Apollo 11 lifts off from the Kennedy Space Center on July 16, 1969. This double exposure to include the American flag was taken as the Saturn V launch vehicle flies toward space. The vapor that circles the rocket near its center is caused by the difference in temperature between the super-cold propellants and the atmosphere.
Apollo 11 lifts off from the Kennedy Space Center on July 16, 1969. This double exposure to include the American flag was taken as the Saturn V launch vehicle flies toward space. The vapor that circles the rocket near its center is caused by the difference in temperature between the super-cold propellants and the atmosphere. Photo credit: NASA

One of humankind’s greatest achievements, the Apollo 11 mission began with the July 16, 1969, liftoff of a Saturn V rocket from NASA’s Kennedy Space Center and set the stage for the historic lunar landing.
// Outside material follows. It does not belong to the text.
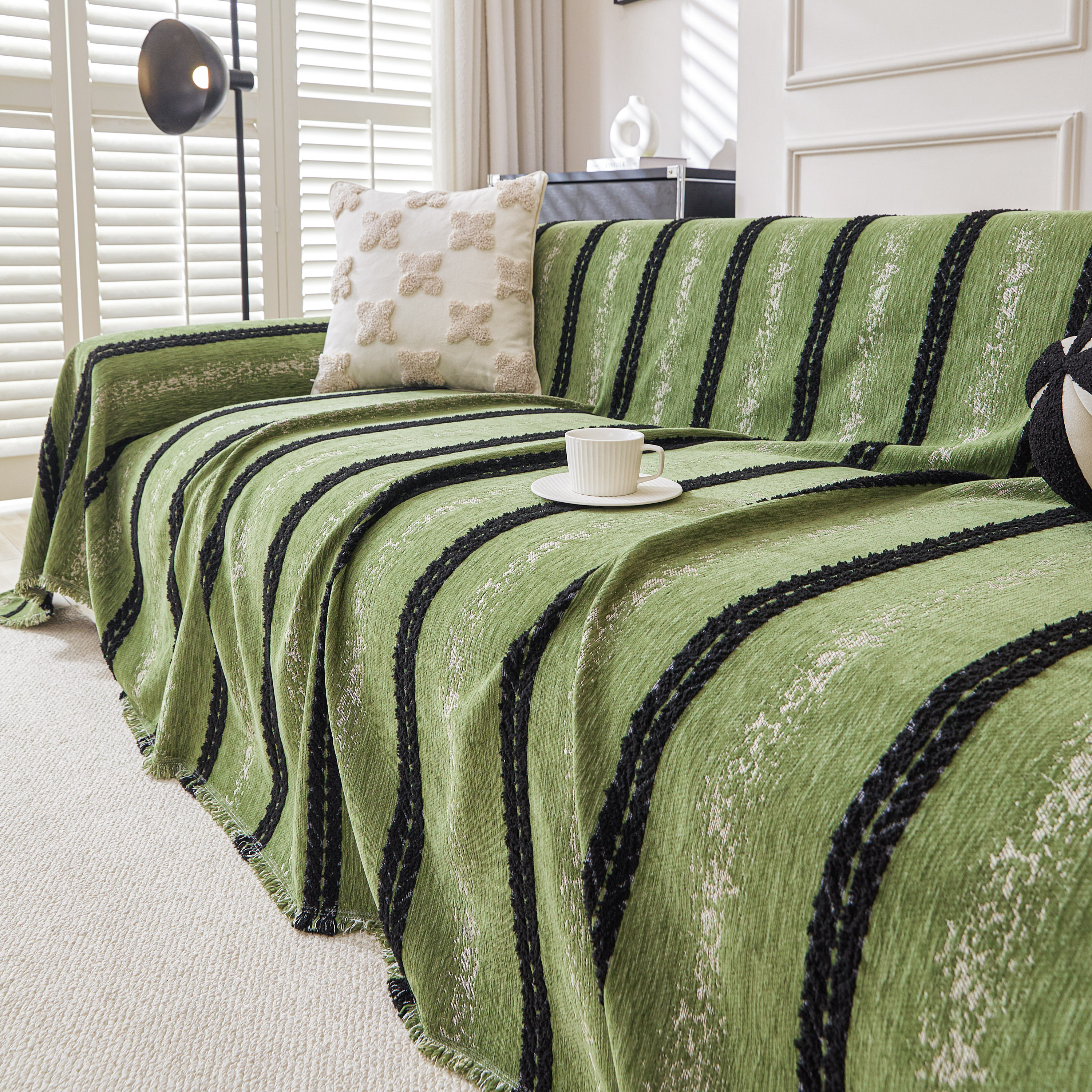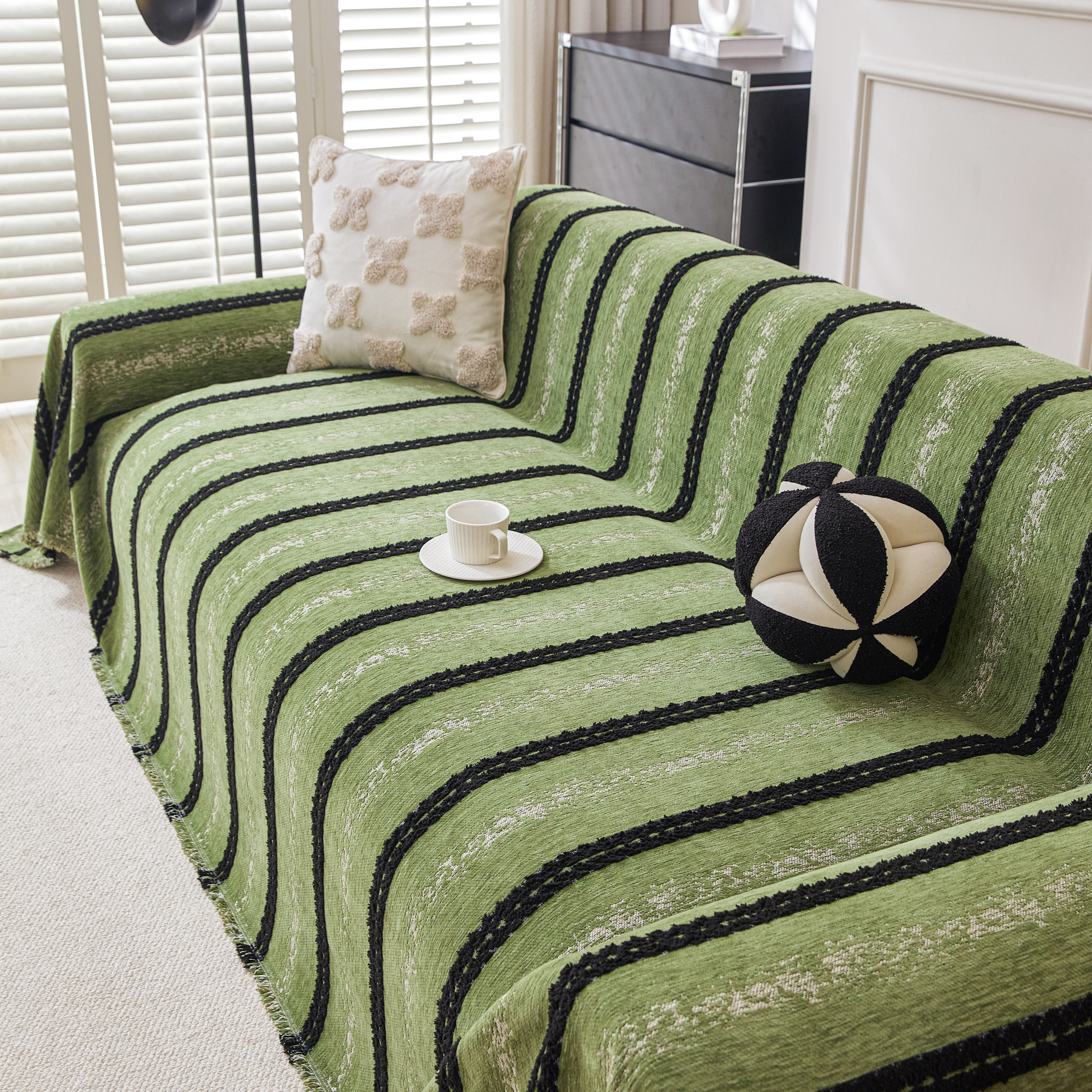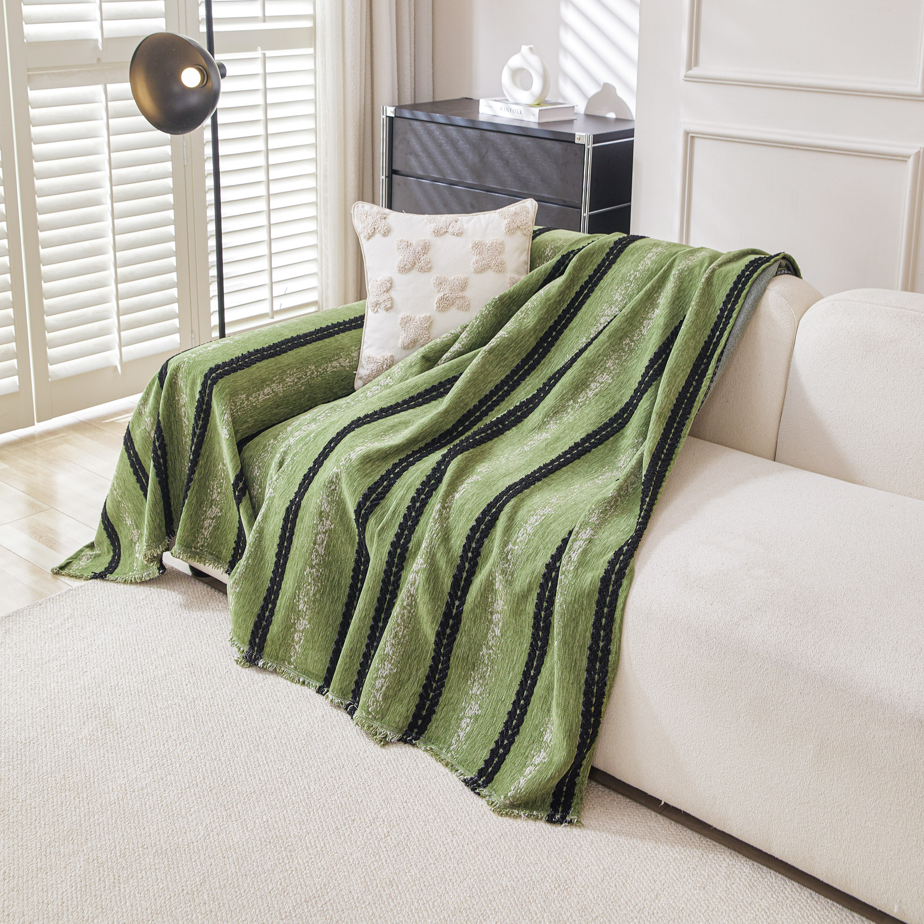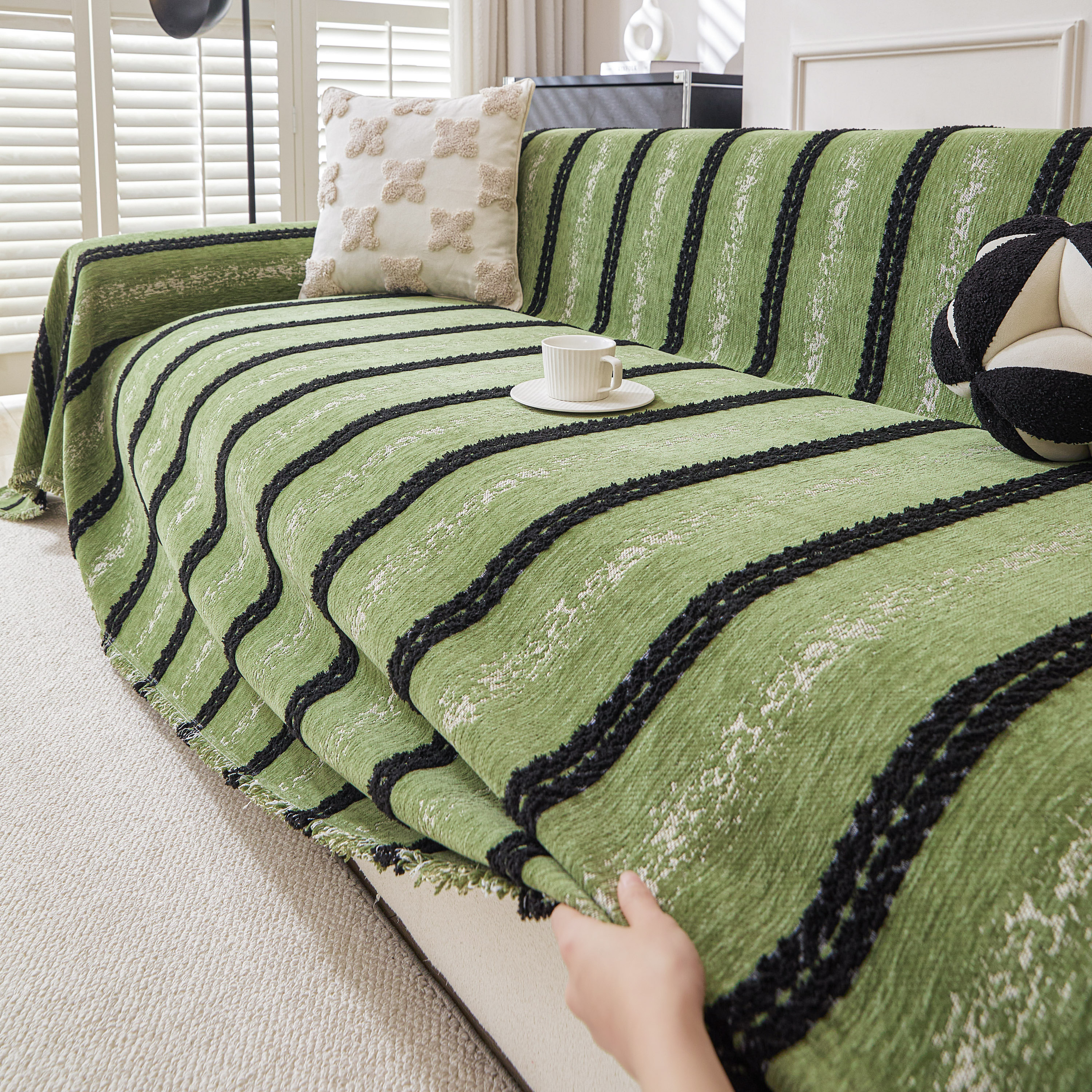 当前位置: 91家纺网 > 商品网购 > 居家布艺 > 坐垫/椅垫/沙发垫 > 沙发垫 > 逐日沙发套 2026新款加厚雪尼尔-沙发巾 织序流年-绿

Following a July 21, 2014 ceremony to rename the Florida spaceport’s Operations and Checkout Building, or O&C, in honor of Armstrong, space center employees had an opportunity to hear from Apollo 11 crewmembers Mike Collins and Aldrin, along with then NASA Administrator Charlie Bolden and Kennedy Director Bob Cabana. They also were joined by former Gemini and Apollo astronaut Jim Lovell. The O&C is where Apollo spacecraft were prepared for flight and where the agency’s Orion capsule is being processed for future missions to the Moon and Mars.

As his fellow Apollo 11 crewmembers explored the lunar surface, Collins orbited the Moon in the command module. Commenting on the global impact of the first lunar landing, Collins recalled that he, Armstrong and Aldrin made an extensive trip around the world following the mission. The reactions of some were unexpected.

Apollo astronauts participate in a July 21, 2014 panel discussion held for employees at NASA's Kennedy Space Center. From left are center director Bob Cabana, Apollo 8 and Apollo 13 crew member Jim Lovell, Apollo 11 moonwalker Buzz Aldrin, Apollo 11 command module pilot Mike Collins and NASA Administrator Charles Bolden. Cabana and Bolden, both shuttle astronauts, posed the questions to which the panel members responded.
Apollo astronauts participate in a July 21, 2014 panel discussion held for employees at NASA’s Kennedy Space Center. From left are center director Bob Cabana, Apollo 8 and Apollo 13 crew member Jim Lovell, Apollo 11 moonwalker Buzz Aldrin, Apollo 11 command module pilot Mike Collins and NASA Administrator Charles Bolden. Cabana and Bolden, both Space Shuttle astronauts, posed the questions to the others. Photo credit: NASA/Kim Shiflett

“The thing that really surprised me was that everywhere we went people didn’t say, ‘Well you Americans finally did it,'” he said. “They said, ‘We did it.’ All of us together, we did it. It was a wonderful sensation.”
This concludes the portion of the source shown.